Another important and unanswered question is whether antepartum fetal surveillance identifies fetal asphyxia early enough to prevent brain damage. Todd and coworkers (1992) attempted to correlate cognitive development in infants up to age 2 years following either abnormal umbilical artery Doppler velocimetry or nonstress test results. Only abnormal nonstress tests were associated with marginally poorer cognitive outcomes. These investigators concluded that by the time fetal compromise is diagnosed with antenatal testing, fetal damage has already been sustained. Low and colleagues (2003) reached a similar conclusion in their study of 36 preterm infants delivered based on antepartum test results. Manning and coworkers (1998) studied the incidence of cerebral palsy in 26,290 high-risk pregnancies managed with serial biophysical profile testing. These outcomes were compared with those of 58,657 low-risk pregnancies in which antepartum testing was not performed. The rate of cerebral palsy was 1.3 per 1000 in tested pregnancies compared with 4.7 per 1000 in untested women.

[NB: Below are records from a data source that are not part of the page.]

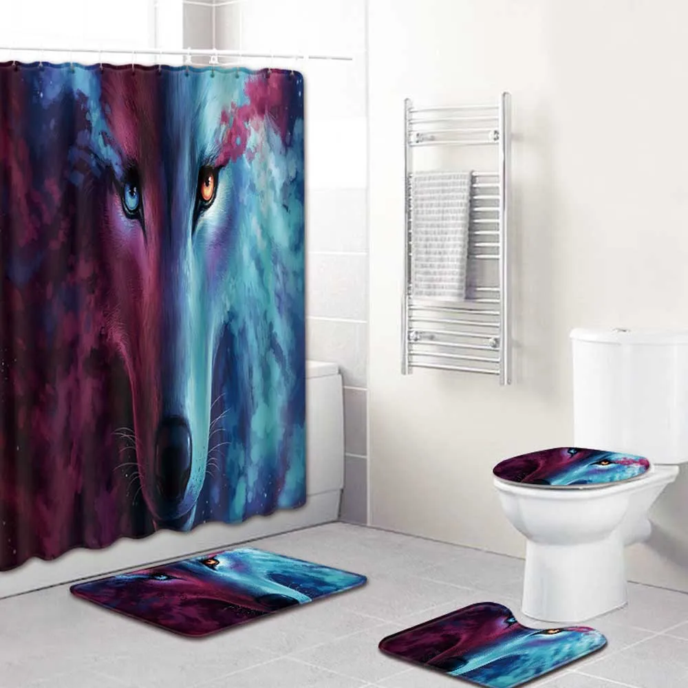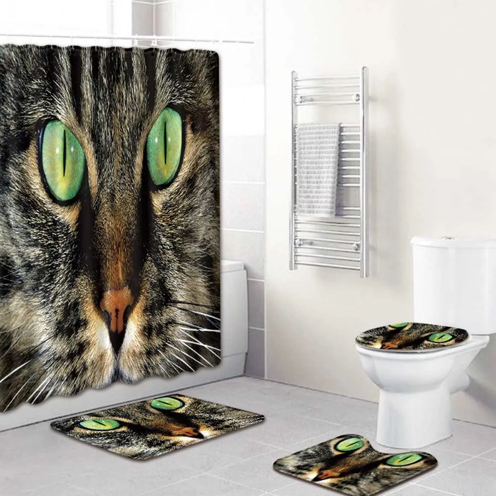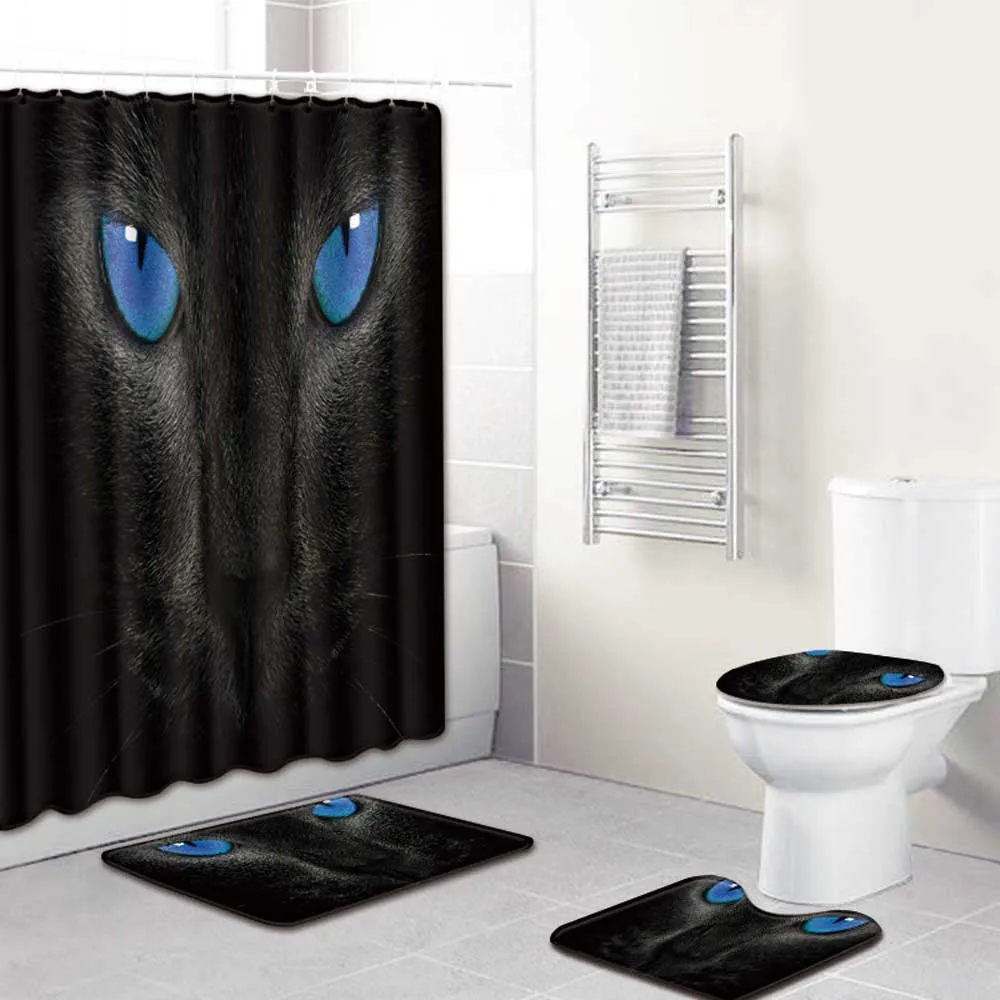 Product Name: 180x180cm 4 Pezzi Occhi Di Lupo Nero Bagno Tenda Da Doccia Occhio Di Gatto Servizi Igienici Psichedelici Tappetino Antiscivolo Coperchio Tappeto Set Tenda Da Bagno
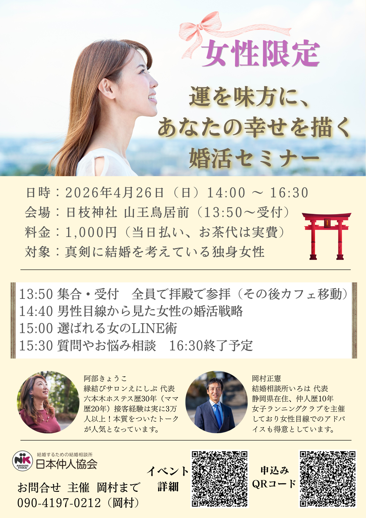 阿部からは、明日からすぐ使える「選ばれる女のLINE術」を。そして、一緒に登壇する男性仲人の岡村からは、ズバリ「男性目線から見た婚活戦略」をお話しします。男心の本音、知っておいて絶対に損はありません。
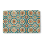 A vibrant, bohemian tile pattern features intricate sun and floral mandalas. The detailed orange, cream, and beige motifs are set within ornate diamond shapes on a rich teal background, creating a decorative, folk-art feel.
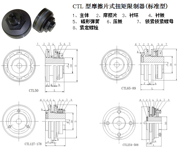 CTL型摩擦片式扭矩限制器(標準型)的基本參數(shù)和主要尺寸
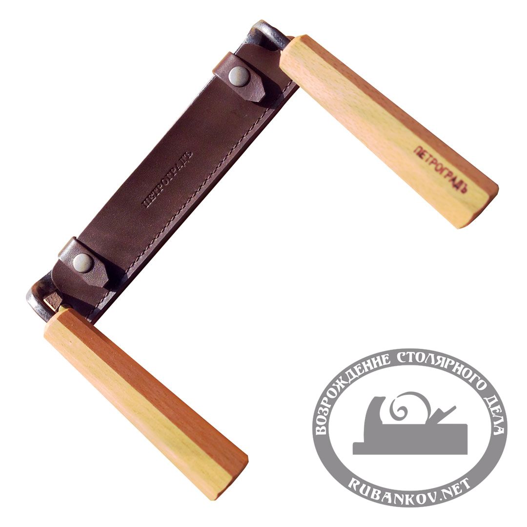Скобель ПЕТРОГРАДЪ N11. Плоский скобель с изогнутыми и перпендикулярными режущей кромке рукоятями  будет удобен при различных операциях как в плотницком деле так и в столярном: точная подгонка бревен в размер, изготовление сидений кресел, быстрый съем материала в столярном деле и пр.. Рукояти приподняты над плоскостью  лезвия  и позволяют работать вплотную к обрабатываемой поверхности. Лезвие отковано вручную из инструментальной стали 9XC и закалено до 55...58 HRC. Заточка - фаска вверх. Рукояти длиной 140 мм выполнены из бука и покрыты маслом. Длина режущей части - 170 мм или 270 мм, ширина 36 мм.  Толщина лезвия - 6 мм, угол заточки - 30 град. Поставляется в кожаном удобном чехле с застежкой на кнопках. Конструкция скобелей, а также их заточка рекомендована «Союзом плотников»  для окорочных и плотницких работ по подгонке бревен. Для других плотницких и столярных работ возможно потребуется переточка. Закалка скобелей сквозная , это позволяет неоднократно производить как доводку инструмента , так и полную его переточку.
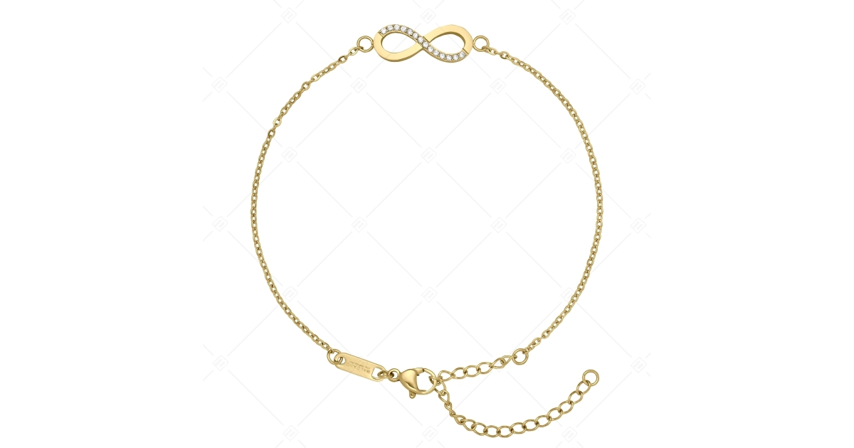 Bracelet de cheville type ancre aplatie avec symbole de l'infini, décoré de minuscules cristaux de zirconium. Bijoux en acier inoxydable de qualité médicale 316L, plaqué or 18K. Un accessoire à la mode et élégant, qui, grâce à son matériau hypoallergénique, ne s'use pas et ne se ternit pas à l'usage.
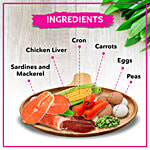 Sardine, Mackerel, Eggs,Corn gluten meal, Whole grain cereals, Vegetables, Soya refined oil, Fish oil, Wheat flour, Taurine, Vitamins (Vit A, Vit E, Vit B Vit B Vit B, Vit B??, Choline, Niacin, Folic acid) Organic minerals (Zinc, Iron, Copper, Selenium, Manganese) Prebiotics & Probiotics.
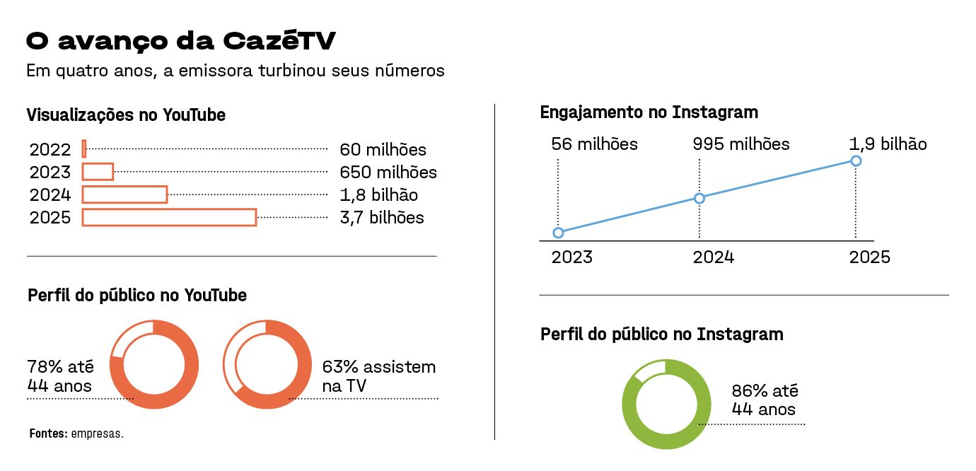 De 2022 para cá, o improviso deu origem a um negócio bilionário. A CazéTV transmite campeonatos como o Italiano, o Francês e o Alemão, assim como o Brasileirão, o Paulista, e uma infinidade de esportes olímpicos.
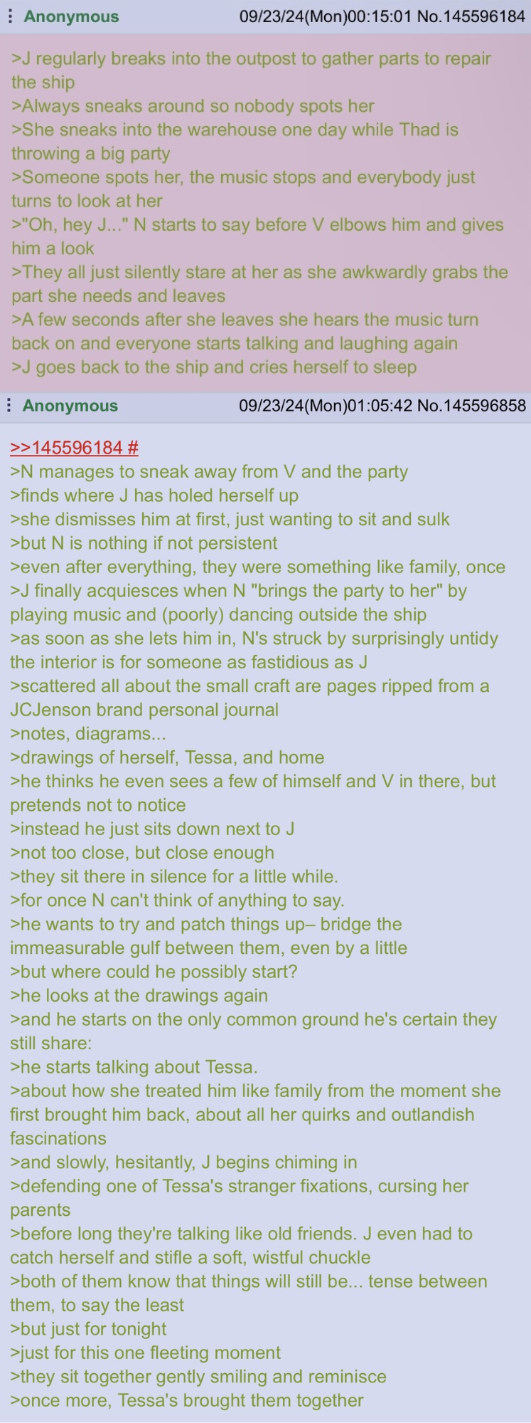 So I actually have a bit of a question I'd like to ask regarding the capping & cataloguing of greentexts created with prompts from the OC Wheel... Is there any particular way (You) would like to see these particular greens capped? So far I've narrowed it down to a few options but I'd absolutely love to hear other suggestions/gauge a rough consensus before proceeding. >Everything replying to a particular 'anchor post' (IE the original prompt) gets put into a singular shared cap >Everything individual greentext gets a cap >A mixture of both options (IE individual caps linked together by a pool/collection on the booru)
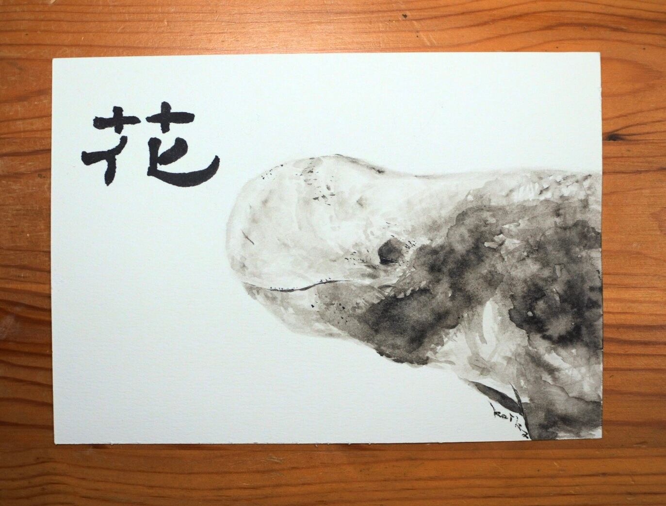 体の模様が花のように見えることから名づけられたハナゴンドウの、可愛らしくて穏やかな表情を「花」の文字に込めました。
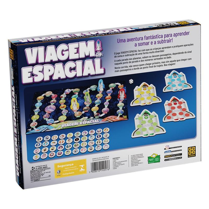 O Viagem Espacial é um jogo para crianças de 4 a 7 anos, e precisa ter entre 2 e 4 participantes. O objetivo é chegar ao final do tabuleiro com o maior número de passageiros. Para isso, você precisa jogar um dado para definir em qual planeta sua nave vai chegar.
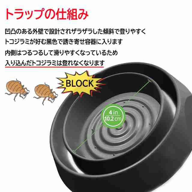 トラップは、凹凸のある外壁で設計されており、傾斜はザラザラしてトコジラミが登りやすくしてありますが、
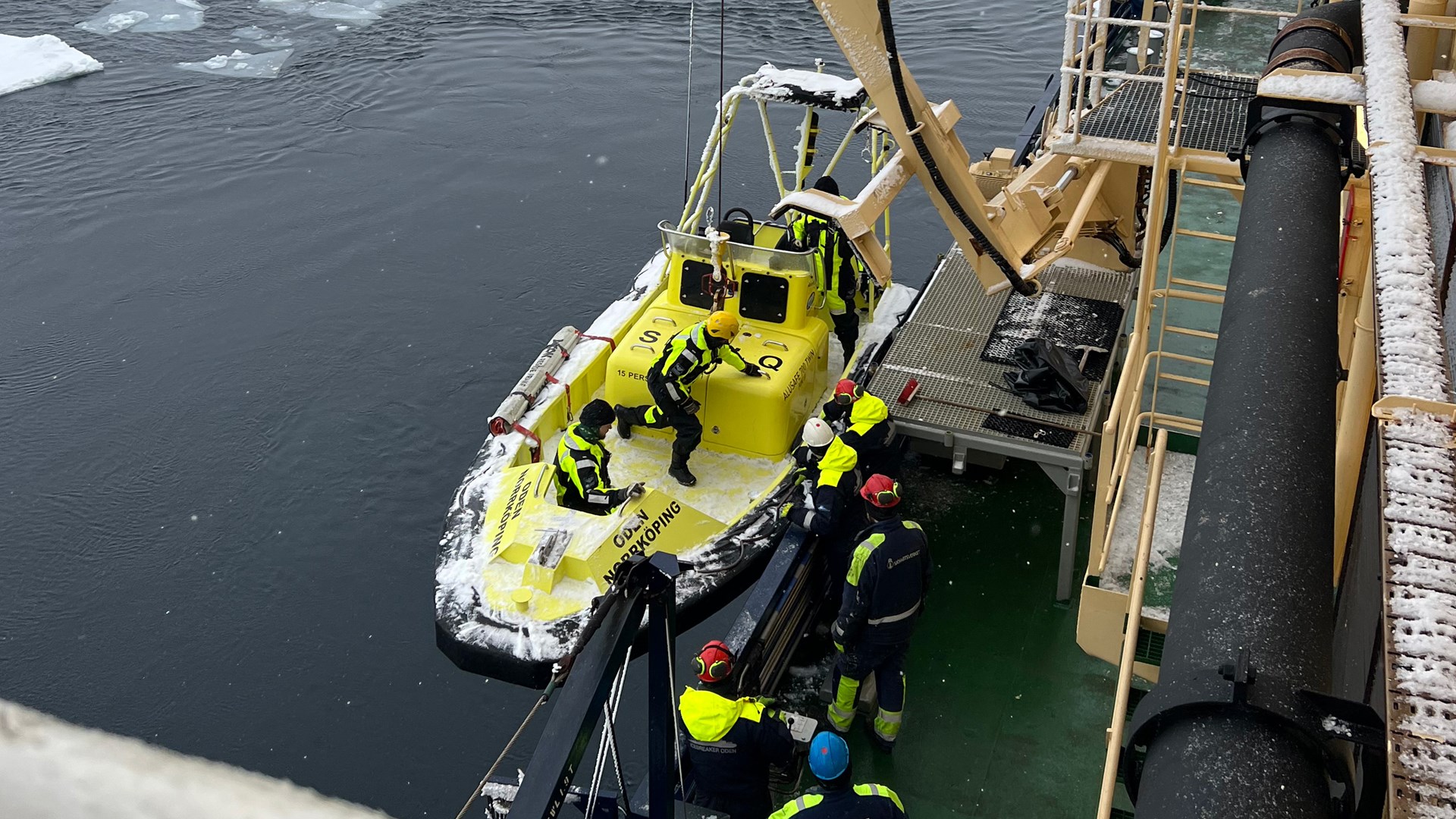 To ensure a successful launch, a small boat was used to extend the 125-meter sensor line. The lander with its weight was lowered from Oden’s rail at the same time as the sensor line was deployed from the small boat. This was a high-precision marine operation carried out by the Swedish Polar Research Secretariat’s technicians and Oden’s crew.
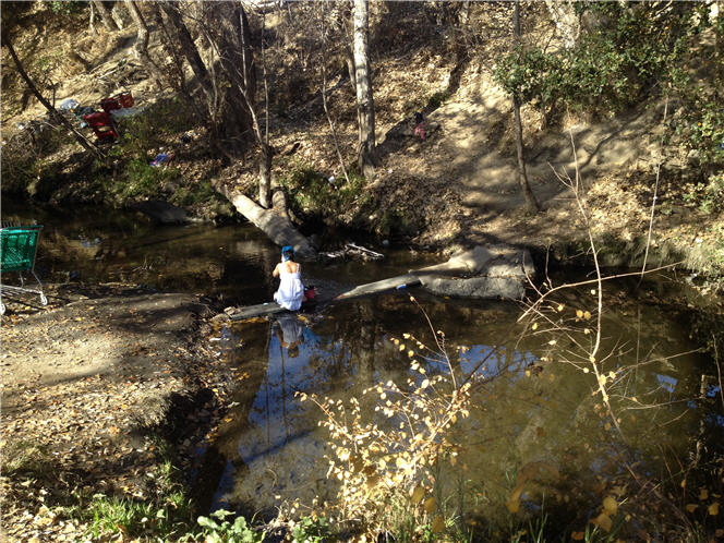 Đi một vòng xuống khu rừng cây hai bên bò suối. Dòng suối có nước chảy róc rách, cây khô trụi lá, những căn lều bạt đủ màu sắc giăng kín khu rừng. Trong đó có nhiều người độc thân, người có gia đình, đàn ông, thanh niên, phụ nữa và em bé. Cuộc sống có khó khăn và bất tiện. Không nước, không điện, không nhà, không có cả những phương tiện tối thiểu để nấu ăn. Những căn lều tạm bợ cất lên dưới những tàng cây bằng vật liệu kiếm được từ những đống rác, hoặc xin từ nhà thờ. Có rất nhiều chiếc xe đi chợ (cart) bỏ lăng lóc chung quang, và những đống bao ny-long, vật liệui phế thải…v.v. Những người sống nơi đây kiếm tiền bằng cách đi xin, hoặc lượm rác, bai bị, võ chai….bán cho các công ty thu mua phế liệu tái chế biến (recycle).
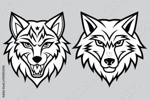 © MDRASELMIA, Obraz premium Stylized fox face outline, sharp forest creature graphic.
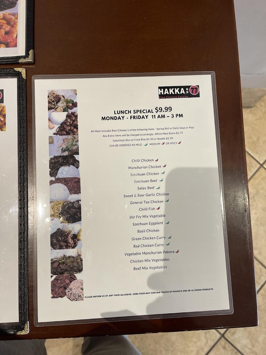 Guests can expect hearty favorites like Manchurian Chicken, Hakka Noodles, and Chicken Fried Rice alongside options such as Szechuan Crispy Dry Beef or Veg Manchurian Gravy. These dishes reflect a blend of classic Hakka and broader Chinese flavors, suited to those seeking both spice and subtlety.
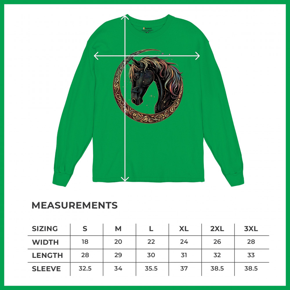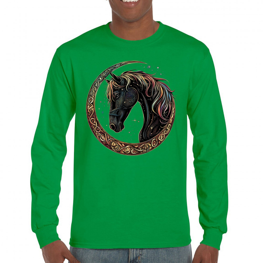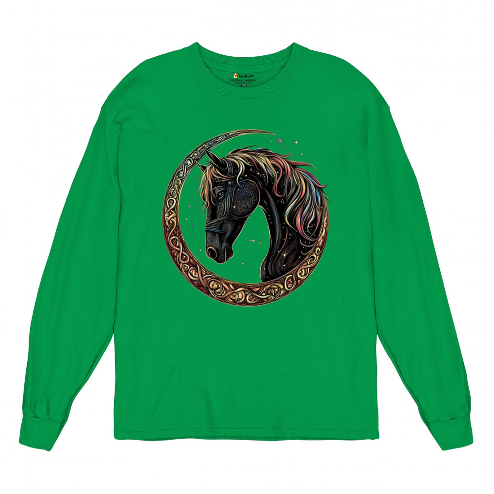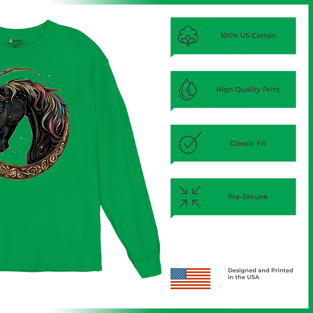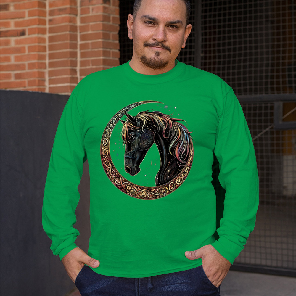 Celebrate the power and grace of the cosmos with this majestic black horse framed by a golden Celtic crescent moon. Its rainbow mane and celestial body symbolize strength, movement, mystery, and spiritual magic. A stunning piece for fantasy fans, equestrians, and dreamers who love horses and stars.

Antenatal forecasts of fetal health have clearly been the focus of intense interest for four decades. When such testing is reviewed, several themes emerge:

1. Methods of fetal forecasting have evolved continually, a phenomenon that at least suggests dissatisfaction with the precision or efficacy of any given method.

2. The fetal biophysical performance is characterized by wide ranges of normal biological variation, resulting in difficulty determining when such performance should be considered abnormal. How many movements, respirations, or accelerations? In what time period? Unable to easily quantify normal fetal biophysical performance, most investigators have resorted to somewhat arbitrary answers to such questions.

3. Despite the invention of increasingly complex testing methods, abnormal results are seldom reliable, prompting many clinicians to use antenatal testing to forecast fetal wellness rather than illness.